Note: Particle locations are only known to within the specified grid size (i.e. +/- dx/2)

# Convert particle location indices back into UTM coordinates
walk_data = pt.ind2coord(walk_data,
                         np.shape(depth), 1.0)

# To check that things have worked, print starting location of first particle.
# Should be within +/- dx from seedloc = (624464, 3347078)
print(walk_data['xcoord'][0][0], walk_data['ycoord'][0][0])
(624465.25, 3347079.0)

For something a little more interesting, let’s measure the amount of time particles spent “exposed” to a specific sub-region within our domain. For this we make use of the functions particle_track.exposure_time() and routines.plot_exposure_time(). If we input a binary array (same size as input arrays) delineating our region of interest (ROI) with 1’s, these functions will compute and plot the exposure time distribution (ETD) of particles in this sub-region.

For those familiar with the metric, the ETD is equivalent to the residence time distribution (RTD) for steady flows, with the only difference being that if particles make multiple excursions into our ROI, all those times are counted.

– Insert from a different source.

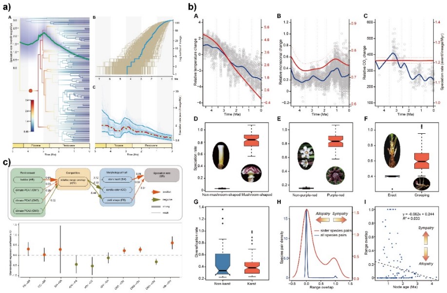 解析全球生物多样性在不同时空尺度上的形成机制是当前进化生物学中的重大科学问题之一,其核心是要揭示物种快速分化的驱动力。当前,主要有两种观点分别从生物与非生物因素方面来阐述物种快速分化的驱动机制。“宫廷小丑”模型(Court Jester model)认为非生物因素(如气候波动、造山运动等)对大尺度的物种分化起主导作用,而“红皇后”模型(Red Queen model)则认为生物因素(如性状创新、生物间相互作用等)是促进物种快速分化的主要驱动力。但毫无疑问,在生命的长河中,生物的宏演化是受到了多种生物和非生物因素的共同作用。然而,以往的研究绝大多数往往仅聚焦在某一个或一类因素方面,尤其忽视了多种因素之间的协同作用,即多种非生物与生物因素通过时空耦合共同塑造多样化格局。蜘蛛抱蛋属(Aspidistra;又称为一叶兰)是单子叶植物天门冬科(Asparagaceae)的一个大属。当前,该属中已发表了超过200个物种,主要分布在亚洲的热带、亚热地区,尤其是中越边境的喀斯特石灰岩地区是其物种多样性的中心。这个属除了具有丰富的物种多样性之外,其物种的地理分布式样和花形态多样性也呈现出显著的特点,如广泛的邻域及同域分布,丰富的柱头拟态性状。蜘蛛抱蛋属的这种地理分布模式一方面预示着生态物种形成的普遍存在,另一方面也暗示着物种间的竞争对其分化具有重要作用。另外,蜘蛛抱蛋属极其丰富的花性状多样性也间接地反映了传粉者选择对该属物种分化的作用;尤其是,其与蕈蚊的传粉—哺育互利共生关系可以快速地促进双方的快速分化。由此可见,蜘蛛抱蛋属的物种分化可能受到多方面的生物与非生物因素的影响,但当前人们对该属进化历史的认识还知之甚少。科研团队通过对123种蜘蛛抱蛋属物种进行了简化基因组测序,并重建该属迄今取样最多、分辨率最高的系统发育树。基于该稳健的系统发育框架,研究团队估算了该属的分化时间,并基于多种方法分析了该属物种形成速率演化动态。结果显示蜘蛛抱蛋属为一个年轻的类群,其起源于中新世和上新世的边界期(5.49 Ma;95% HPD: 3.8–7.57 Ma),在上新世暖期(Mid Piacenzian Warm Period;2.6–3.6 Ma)其物种分化速率显著加快,达到2.27个物种/百万年(图2a)。这一物种形成速率超过旧世界植物区系中所有已报道的物种形成速率。这也预示着蜘蛛抱蛋属代表着旧世界植物区系中物种分化速率最快的类群之一。研究团队进一步利用多种统计模型解析了蜘蛛抱蛋属物种快速分化的驱动力,发现包括古温度、东亚季风变化、物种竞争及传粉共生等多种生物与非生物因素可以同时独立又协同地促进蜘蛛抱蛋属的物种形成及快速辐射(图1-b,c)。 图1. 多种生物与非生物因素协同作用于蜘蛛抱蛋属的物种分化 图2. JIPB第67卷11期的封面中国科学院华南植物园康明研究员团队和广西壮族自治区中国科学院广西植物研究所林春蕊研究员等合作研究成果以题为“The interplay of abiotic and biotic factors likely drove one of the fastest plant radiations from tropical-subtropical Asia”近期发表在国际学术期刊Journal of Integrative Plant Biology (JIPB)(《植物学报》) 上。该研究为理解植物物种快速分化提供了新的见解,并被选为期刊当期封面故事(图2)。中国科学院华南植物园杨丽华博士为论文的第一作者,康明研究员和广西植物研究所林春蕊研究员为论文共同通信作者。法国国家科学研究中心蒙彼利埃进化科学研究所Fabien L. Condamine研究员和广西壮族自治区中国科学院广西植物研究所刘演研究员参与了论文的指导工作。该研究得到了广东省基础与应用基础旗舰项目、中国科学院战略生物资源计划项目和国家自然科学基金项目的资助。文章链接:https://onlinelibrary.wiley.com/doi/10.1111/jipb.70031

Note: For a representative ETD, it is important to run a lot of particles. A large sample size is needed to obtain a realistic distribution (and smooth plots). Depending on the domain, we recommend at least O(10^3).

First, let’s generate and visualize the ROI:

# Create the array
regions = np.zeros_like(depth, dtype='int')
regions[:,100:200] = 1 # Include anywhere above sea level

# Visualize the region
plt.figure(figsize=(5,5), dpi=200)
plt.imshow(regions, cmap='bone', alpha=0.3)

Then compute. exposure_time() outputs a list of exposure times by particle index, and plot_exposure_time() will use those values to generate plots of the cumulative and differential forms of the ETD (i.e. the CDF and PDF, respectively).

# Measure exposure times
exposure_times = pt.exposure_time(walk_data,
# Then generate plots and save data
exposure_times = dorado.routines.plot_exposure_time(walk_data,
                                                    timedelta = 60, nbins=20)
# Changing 'timedelta' will change the units of the time-axis.
# Units are seconds, so 60 will plot by minute.
# Because we are using fewer particles than ideal, smooth the plots with small 'nbins'
100%|#################################################################################| 50/50 [00:00<00:00, 1190.48it/s]
../_images/unstructured_grid_anuga_31_2.png ../_images/unstructured_grid_anuga_31_3.png

Note: If any particles are still in the ROI at the end of their travel history, they are excluded from plots. These particles are not done being “exposed,” so we need to run more iterations in order to capture the tail of the distribution.